Writing to ./decision_tree/model.pkl
Writing to ./decision_tree/score_and_metadata.csv
Done deciding with trees
Decision tree analysis done with a validation score (error rate) of 0.00268005495579566.


In [18]:
original_validation_score = 0.00268005495579566

So now we have a baseline for how well our decision tree performed before we added a feature.

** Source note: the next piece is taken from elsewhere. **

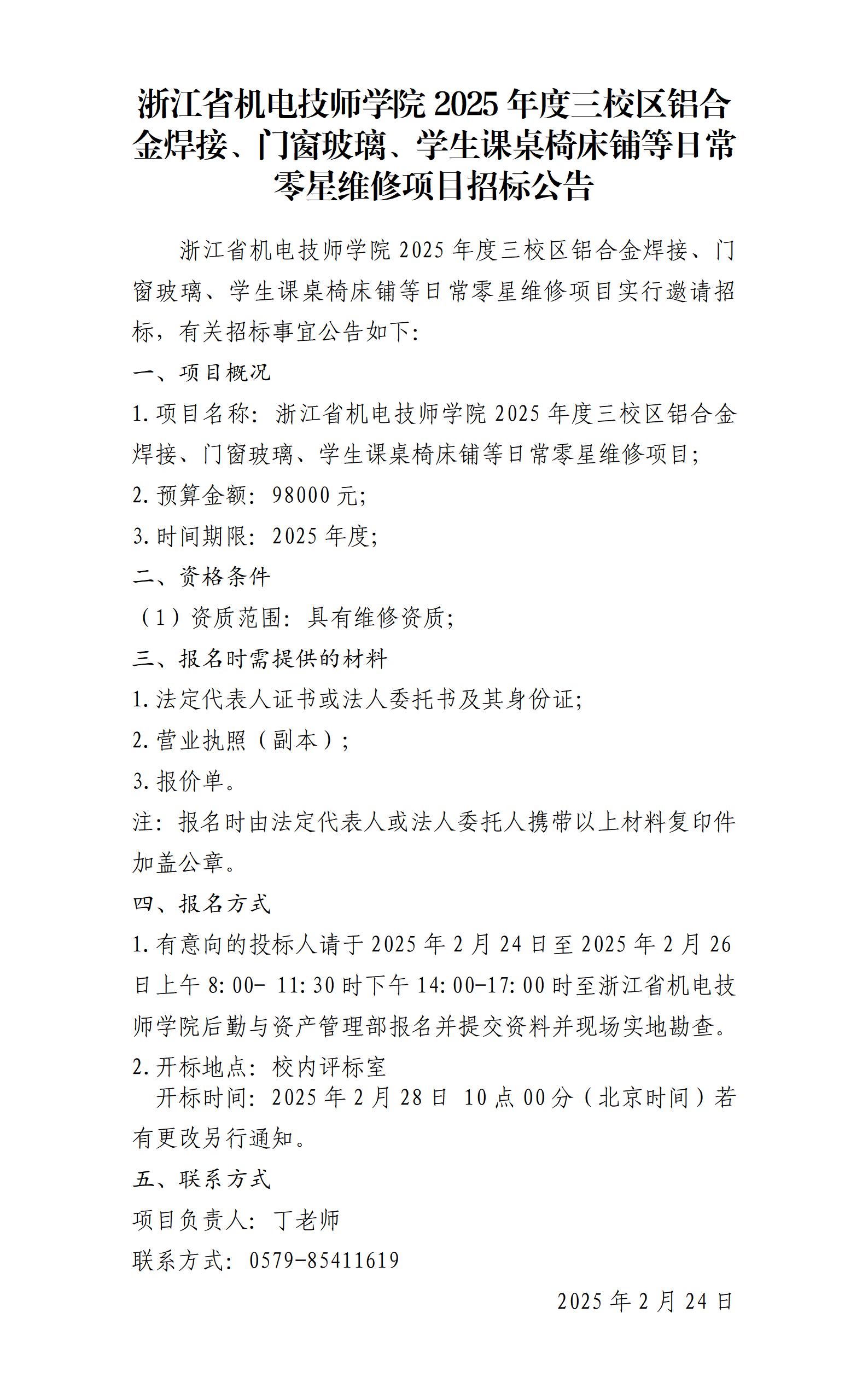 浙江省機電技師學院2025年(nián)度三校(xiào)區(qū)鋁合金(jīn)焊接、門(mén)窗(chuāng)玻璃、學生(shēng)課桌椅床鋪等日(rì)常零星維修項目招标公告

Let's see what happens if we add a `two_weeks_before_christmas` and a `two_weeks_after_christmas` column, as per our Exploratory Analysis discussion.

In [23]:
# Re-read the data and use datetime objects for the date
engineered_data = pd.read_csv('./merger/bigTable.csv')
engineered_data.date = pd.to_datetime(engineered_data.date)


In [24]:
# Create a before_christmas_window
start_date = pd.to_datetime('2016-12-11')
end_date = pd.to_datetime('2016-12-25')
before_christmas = (engineered_data['date'] > start_date) & (engineered_data['date'] <= end_date)

In [25]:
# Create an after_christmas_window
start_date = pd.to_datetime('2016-12-25')
end_date = pd.to_datetime('2017-01-08')
after_christmas = (engineered_data['date'] > start_date) & (engineered_data['date'] <= end_date)

In [37]:
engineered_data['two_weeks_before_christmas'] = before_christmas
engineered_data['two_weeks_after_christmas'] = after_christmas

#### Just as a spot check, let's look at the date of the first few records in our new columns

In [38]:
print(engineered_data[engineered_data.two_weeks_before_christmas == True].date.head())
print(engineered_data[engineered_data.two_weeks_after_christmas == True].date.head())

117   2016-12-12
118   2016-12-13
119   2016-12-14
120   2016-12-15
121   2016-12-16
Name: date, dtype: datetime64[ns]
130   2016-12-26
131   2016-12-27
132   2016-12-28
133   2016-12-29
134   2016-12-30
Name: date, dtype: datetime64[ns]


Seems okay to me. Let's see how it changes the results now.

In [41]:
engineered_data.to_csv('./merger/bigTable.csv', index=False)


In [42]:
splitter.main()


Loading data from merger output
Splitting data 70:30 train:validation
Writing to ./splitter/train.csv
Writing to ./splitter/validation.csv
Finished splitting


In [43]:
decision_tree.main()

Loading data from splitter/train.csv
Loading data from splitter/validation.csv
Encoding categorical variables
Joining tables for consistent encoding
Creating decision tree model
Making prediction on validation data
Calculating estimated error


  log_square_errors = (np.log(predictions + 1) - np.log(targets + 1)) ** 2
  log_square_errors = (np.log(predictions + 1) - np.log(targets + 1)) ** 2


Writing to ./decision_tree/model.pkl
Writing to ./decision_tree/score_and_metadata.csv
Done deciding with trees
Decision tree analysis done with a validation score (error rate) of 0.003692818003915606.


In [44]:
engineered_validation_score = 0.003692818003915606

In [45]:
print(original_validation_score - engineered_validation_score)

-0.0010127630481199463


So as it turns out, adding a boolean about before/after Christmas slightly hurt our performance. 

- Now we should iterate on the features 
  - for example, maybe two weeks is too wide a window
- or maybe it's time to question if the scoring algorithm provided to us by the kaggle competition
  - should we replace nwrmsle with another error measurement?